◆ **SUPPLIED MATERIAL**

------------------------

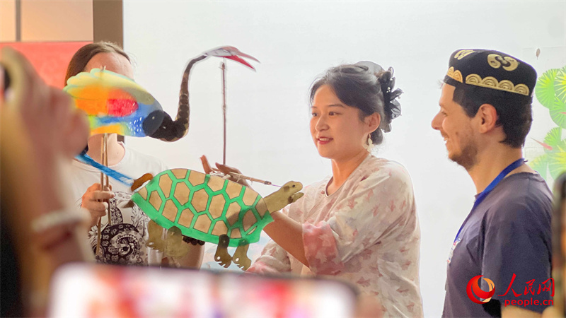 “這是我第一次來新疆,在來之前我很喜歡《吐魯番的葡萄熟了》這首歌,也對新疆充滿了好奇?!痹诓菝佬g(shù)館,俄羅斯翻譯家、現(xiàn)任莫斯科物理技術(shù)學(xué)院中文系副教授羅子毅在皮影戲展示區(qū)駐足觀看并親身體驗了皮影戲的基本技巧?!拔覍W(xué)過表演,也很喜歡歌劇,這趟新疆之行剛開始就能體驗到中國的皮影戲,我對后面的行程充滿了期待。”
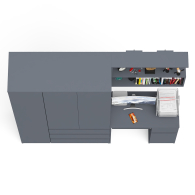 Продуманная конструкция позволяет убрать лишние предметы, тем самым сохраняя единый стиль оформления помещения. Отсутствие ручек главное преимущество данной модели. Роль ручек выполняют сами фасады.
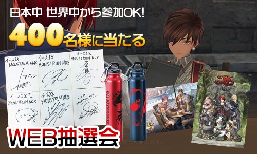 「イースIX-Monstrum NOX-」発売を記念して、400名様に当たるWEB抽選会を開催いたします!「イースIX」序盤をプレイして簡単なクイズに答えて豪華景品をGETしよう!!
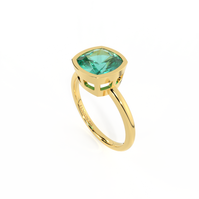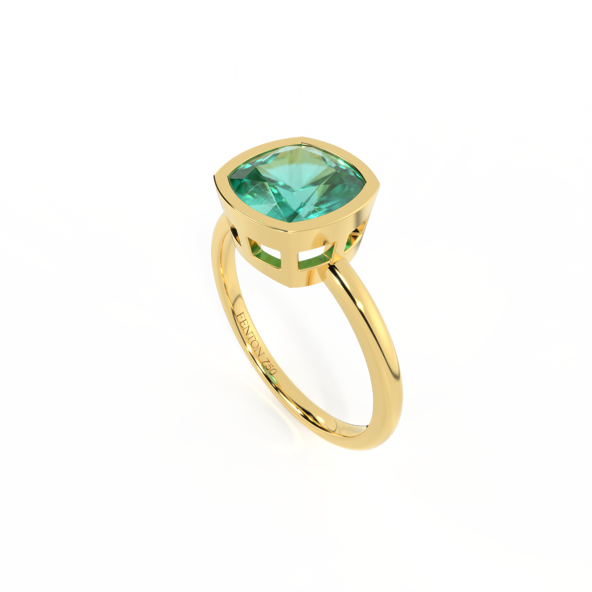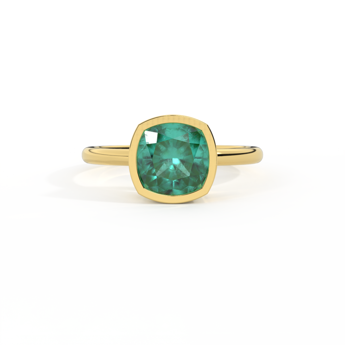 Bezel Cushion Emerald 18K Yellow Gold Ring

------------------------

◆ **TRY IT**
Images should not appear in the copy; retype the listing above exactly.

◆ **FINISHED TASK**
 “這是我第一次來新疆,在來之前我很喜歡《吐魯番的葡萄熟了》這首歌,也對新疆充滿了好奇?!痹诓菝佬g(shù)館,俄羅斯翻譯家、現(xiàn)任莫斯科物理技術(shù)學(xué)院中文系副教授羅子毅在皮影戲展示區(qū)駐足觀看并親身體驗了皮影戲的基本技巧?!拔覍W(xué)過表演,也很喜歡歌劇,這趟新疆之行剛開始就能體驗到中國的皮影戲,我對后面的行程充滿了期待。”
 Продуманная конструкция позволяет убрать лишние предметы, тем самым сохраняя единый стиль оформления помещения. Отсутствие ручек главное преимущество данной модели. Роль ручек выполняют сами фасады.
 「イースIX-Monstrum NOX-」発売を記念して、400名様に当たるWEB抽選会を開催いたします!「イースIX」序盤をプレイして簡単なクイズに答えて豪華景品をGETしよう!!
 Bezel Cushion Emerald 18K Yellow Gold Ring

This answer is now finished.